I'd recommend sticking with the full factorial with 240 design points, for the following reasons.
Heck, this is what computers are for—to automate tedious computational tasks. 240 design points is nothing, you're doing this on a computer! You can easily automate the process with nested loops iterating through the levels, one loop per factor. Don't forget an innermost loop for replications. If each simulation takes more than a minute or two, break it across multiple cores or multiple machines. One of my students recently did this for his MS thesis work, and was able to run more than a million simulated experiments over a weekend.

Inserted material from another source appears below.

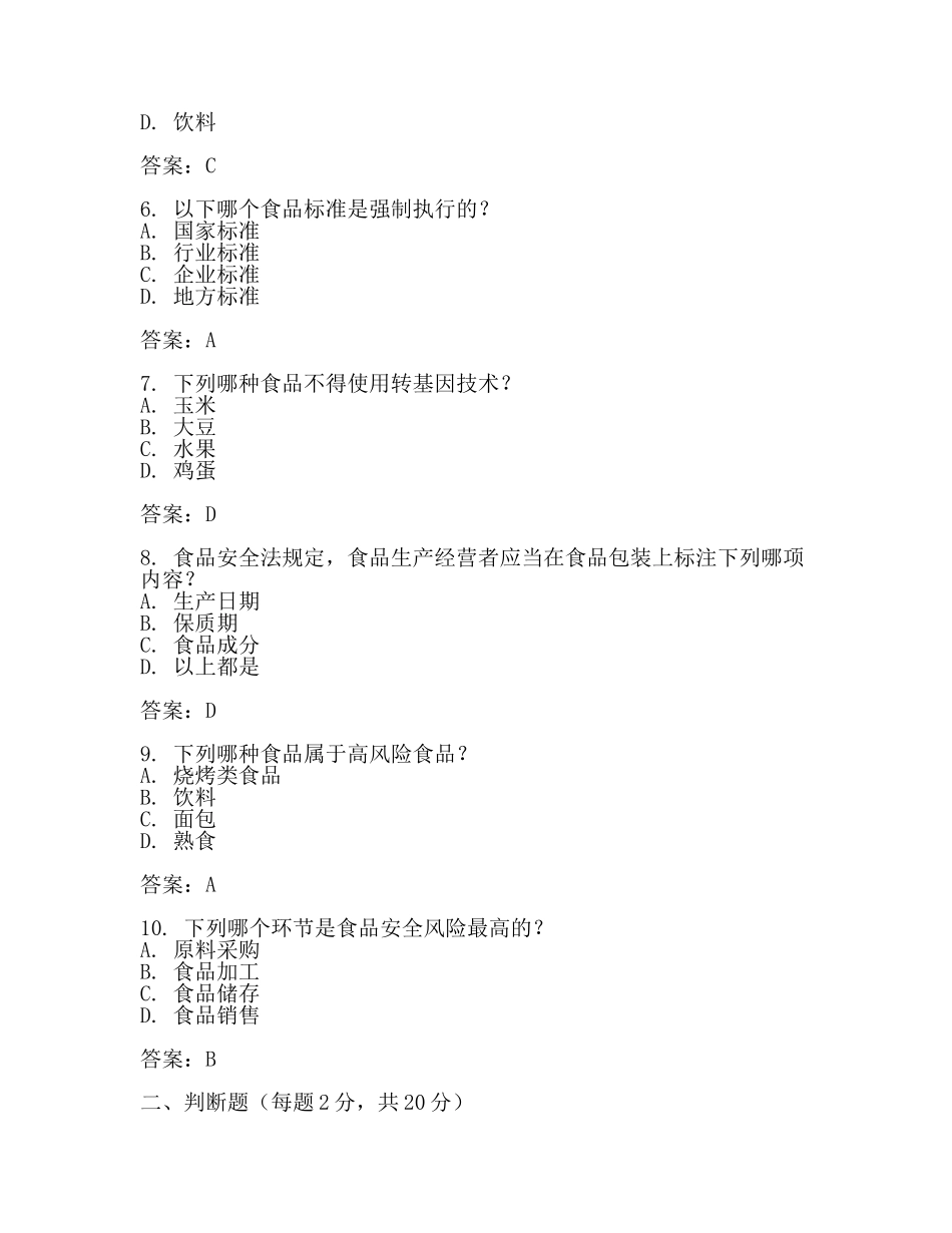 食品安全管理员试卷及答案(范文).docx_第2页
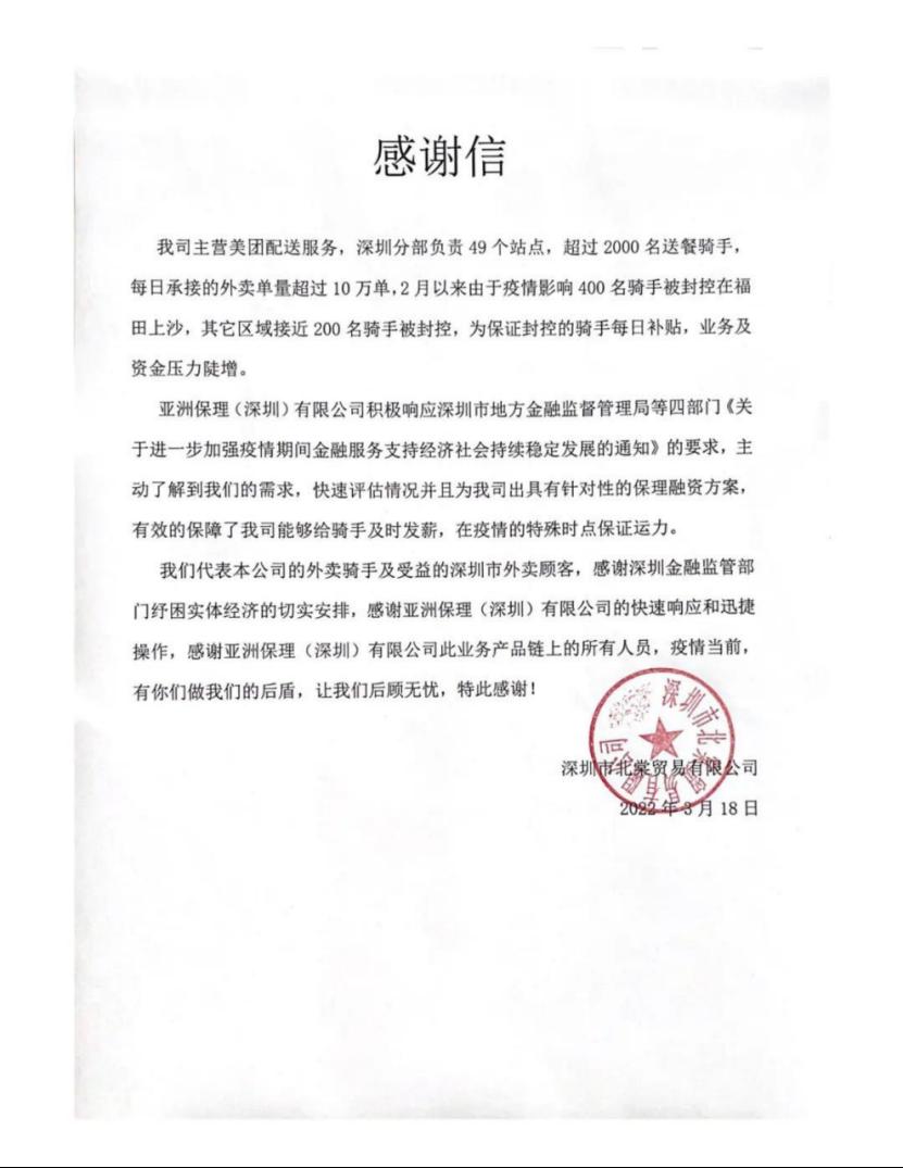 3月18日,获得了由深圳市北棠贸易有限公司官方发来的感谢信。亚洲保理提供的保理融资款为该企业的资金周转提供了支持,缓解了业务陡增的压力。

With continuous factors, you generally assume some degree of smoothness in the response surface and infer/project the response between adjacent design points based on regression. With categorical data, inference isn't valid for excluded factor combinations and interactions may very well be the dominant effects. Unless you do the full factorial, the combinations you omit may or may not be the most important ones, but the point is that you'll never know if you didn't sample there.
In general, you use the same analysis tools you would use if you were doing any other kind of sampling—Regression, logistic regression, ANOVA, partition trees,... For categorical factors, I'm a fan of partition trees.